1. Find all the common zeros of the polynomials y3 + 5y2 - 9y -45 and y3 + 8y2 +15y?
[numbers written after the variable 'y' are exponents ;i.e. 2 for square and 3 for cube]
2. Determine 'k' so that k+2 ,4k-6 and 3k-2 are three consecutive terms of an arithmetic progression?
3. lf H , C and V are respectively the height ,the curved surface area and the volume of a cone ,prove that :-
3(pi)VH3 [cube] -C2H2 [square] + 9v2 [square] = 0 ?
4. Given that one root of the quadratic equation ax2 + bx + c = 0 ,is three times the other root ,show that 3b2 = 16ac ?
5. The areas of three adjacent faces of a cuboid are x,y,z. lf the volume is v ,prove that v2 = xyz ?
2007-02-03 00:35:45 · 5 answers · asked by Anonymous in Science & Mathematics ➔ Mathematics
thank u very much to all of u who have spent their precious time 2 answer my queries !!!
plz solve few more problems of mine..........plz
6. The base radii of 2 right circular cones of the same height are in the ratio 3:5.Find the ratio of their volumes?
7. Evaluate-
sin^2 5' + sin^ 10' + p +sin^ 85' + sin^ 90' =19/2 ? Find p?
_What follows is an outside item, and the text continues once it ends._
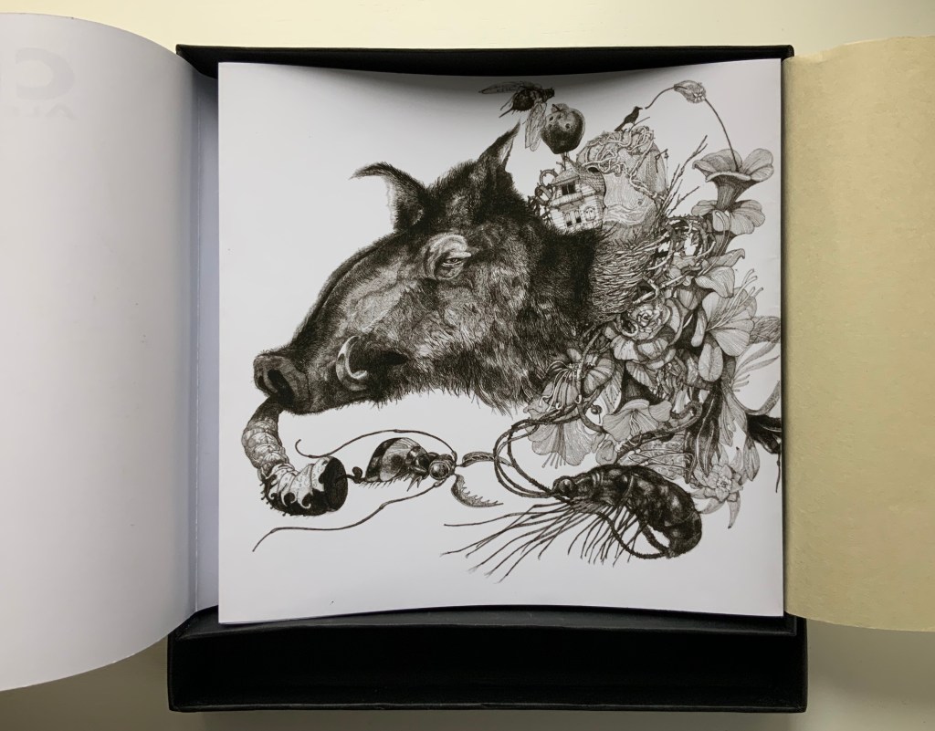 In the booklet, each of the Chimeras has a sort of prose poem in Italian and English to tell its story. The first beast is “Odessa (wild boar), Birth: March 1, 2011 – Death: November 1, 2017”, whom the artist addresses alongside Oedipus: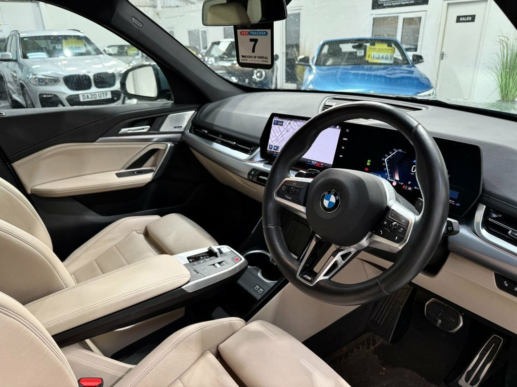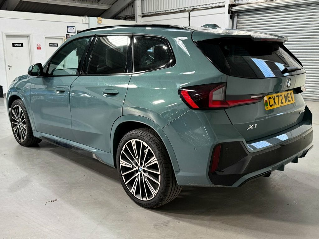 This 2023 BMW X1 18d M Sport presents an exceptional opportunity with its remarkably low mileage of just 11,700 miles and £5075 of factory fitted upgrades.. Complimented by a full BMW main dealer service history ensuring this vehicle has been maintained to the highest of standards. As a Euro 6 compliant model, this X1 features a powerful yet efficient 2.0L diesel engine, delivering an impressive 0-60mph time of 8.9 seconds. The M Sport trim and M Sport Pro Pack enhance its sporty appeal, while the Vernasca Leather in Oyster and 20in M Multi-Spoke Alloy Wheels in a striking 869 design add a touch of premium luxury. Inside, you'll find comfort and convenience with automatic two zone climate control, ensuring a pleasant driving environment for all occupants. Experience superior sound quality with the Harman Kardon Surround Audio Sound System, a premium branded feature that elevates every journey. This BMW X1 also boasts excellent fuel economy, achieving a remarkable 55 mpg, and benefits from low CO2 emissions, making it a more economical and environmentally conscious choice compared to similar vehicles. These highlights demonstrate the exceptional value and performance this X1 offers. M Sport Pro Pack, Vernasca Leather - Oyster, Harman Kardon Surround Audio Sound Syste, Sun Protection Glass, 20in Alloy Wheels - M Multi-Spoke - 869, Cape York Green, ABS - Anti Lock Braking System including, Active Guard, Air Conditioning Automatic with Two-Zone, Airbags, Alarm System, Attentiveness Assistant, Automatic Tailgate, BMW Emergency Call, BMW Live Cockpit Plus, BMW Online Services, BMW TeleServices, Brake System, Child Seat i-Size Attachment for Front P, Closing System with Central Locking, Condition Based Service, Connected Package Professional, Crash Sensor, DAB Digital Radio, DSC - Dynamic Stability Control - Stabil, Electric Windows, Exterior Items, Exterior Lighting, Exterio

[ ' symbol after the numeric values stands for degrees
2007-02-06 05:12:43 · update #1
thank u very much to all of u who have spent their precious time 2 answer my queries !!!
plz solve few more problems of mine..........plz
6. The base radii of 2 right circular cones of the same height are in the ratio 3:5.Find the ratio of their volumes?
7. Evaluate-
sin^2 5' + sin^ 10' + p +sin^ 85' + sin^ 90' =19/2 ? Find p?
[ ' symbol after the numeric values stands for degrees]
2007-02-06 05:13:02 · update #2
I'm gonna start by answering Q2 and then I'll get the rest a bit later.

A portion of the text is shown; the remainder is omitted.